Further, when performing DMA transfer of data exceeding the number of addresses that can be set by the DMA address counter 21 of the DMA control unit 13 at one time, the CPU 1
It is necessary to reset the values of the DMA address counter 21, the DMA page register 22, and the DMA upper page register 22 of the DMA control unit 13 set by 1. This DMA
The resetting process for the control unit 13 has conventionally been performed by the CPU, but in the embodiment, the ISA card 18 performs the resetting process.

Therefore, in this case, the CPU
Since 11 does not participate in the resetting process for the DMA control unit 13 at all, a large amount of data can be transferred by one DMA data transfer while maintaining a high effective data transfer rate. Further, since the DMA control unit 13 itself becomes a bus master for the ISA bus 17, an address space for a main memory of 16 MB or more can be designated.

[0053]

As described above, according to the DMA data transfer method of the information processing apparatus of the present invention, the DMA control unit is controlled by using the two sets of the DMA request signal / DMA acknowledgment signal and the bus master signal of the ISA card. DMA data transfer is being performed while performing DMA operation management for.

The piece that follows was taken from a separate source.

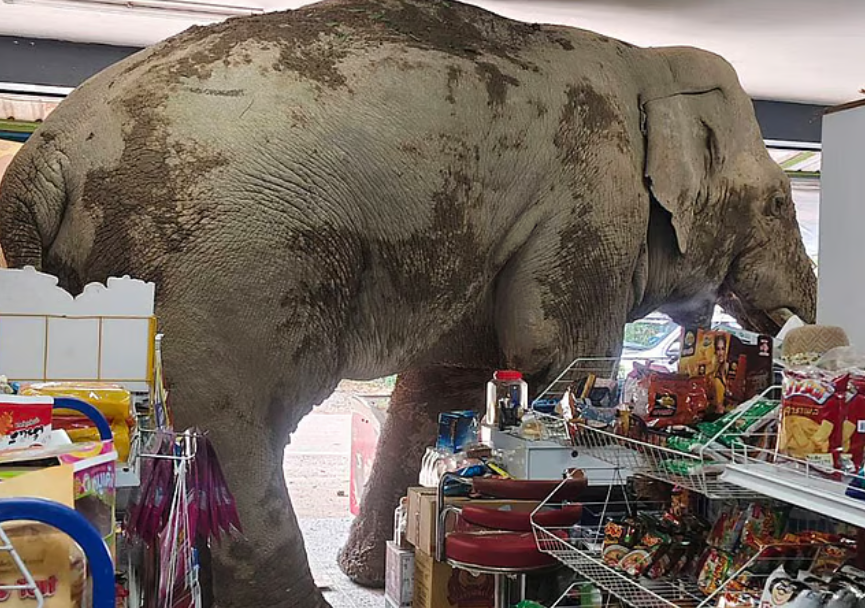 সোমবার থাইল্যান্ডের একটি মুদি দোকানে একটি ক্ষুধার্ত বন্য হাতি তাণ্ডব চালায় যখন সে কাছের একটি জাতীয় উদ্যান থেকে হেঁটে এসে তাকে খাবার রাখতে সাহায্য করে।

Therefore, the accessible address space on the main memory can be expanded while maintaining a high effective data transfer rate without changing the PC / AT compatibility function.

Further, when the data transfer amount indicated by the data transfer request from the CPU exceeds the allowable value determined by the address value that can be specified by the DMA control unit, the DMA transfer by the ISA card is performed.
It is possible to reset the control unit. Therefore, CP
By resetting by the ISA card in place of U, a large amount of data can be transferred at once without lowering the effective data transfer speed.

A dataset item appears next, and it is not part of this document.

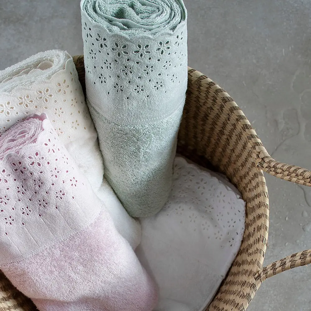 A linha Crystal possui linda aplicação de bordado inglês na sua barra, a renda bordada com veludo dá ainda mais elegância e charme para a toalha. Acabamento especial Buddemeyer, que proporciona alta capacidade de absorção e maciez.

[Brief description of the drawings]

FIG. 1 is a block diagram showing a schematic configuration of an information processing apparatus employing a DMA data transfer method according to an embodiment of the present invention;

FIG. 2 is a time chart showing the DMA data transfer method.

FIG. 3 is a block diagram showing a schematic configuration of an information processing apparatus employing a conventional DMA data transfer method;

FIG. 4 is a time chart showing a conventional DMA data transfer method;

FIG. 5 is a time chart showing the same conventional DMA data transfer method.

[Explanation of symbols]

 DESCRIPTION OF SYMBOLS 11 ... CPU 12 ... System bus 13 ... DMA control part 14 ... Address synthesis part 15 ... Main memory 16 ... Bus interface 17 ... ISA bus 18 ... ISA card 19 ... External device 20 ... Bus arbitration part 21 ... DMA address counter 22 ... DMA Page register 23: DMA upper page register

Claims (2)

[Claims] 1. A CPU, a DMA controller and a main memory are connected to a system bus, and an ISA card is connected to the DMA controller and the main memory via an ISA bus. In a DMA data transfer method for an information processing apparatus for performing data transfer to and from a memory via a DMA control unit controlled by the ISA card, the ISA card has two sets of DMA request signals / DMA approval signals. Then, based on a data transfer request from the CPU, the DM request is made by using one of the two sets of DMA request signal / DMA acknowledge signal and the bus mater signal for the ISA bus.
A control unit sets various operation conditions relating to DMA data transfer, and executes the DMA data transfer according to the set operation conditions using another set of DMA request / DMA approval signals. DMA data transfer method for an information processing device to perform. 2. When the data transfer amount indicated by the data transfer request from the CPU exceeds an allowable value determined by an address value that can be specified by the DMA control unit, the data transfer amount to the main memory is set near the allowable value. 2. The information processing method according to claim 1, wherein when the specified value is reached, the ISA card resets an operation condition including an address value to the DMA control unit in order to continue data transfer. DMA data transfer method of the device.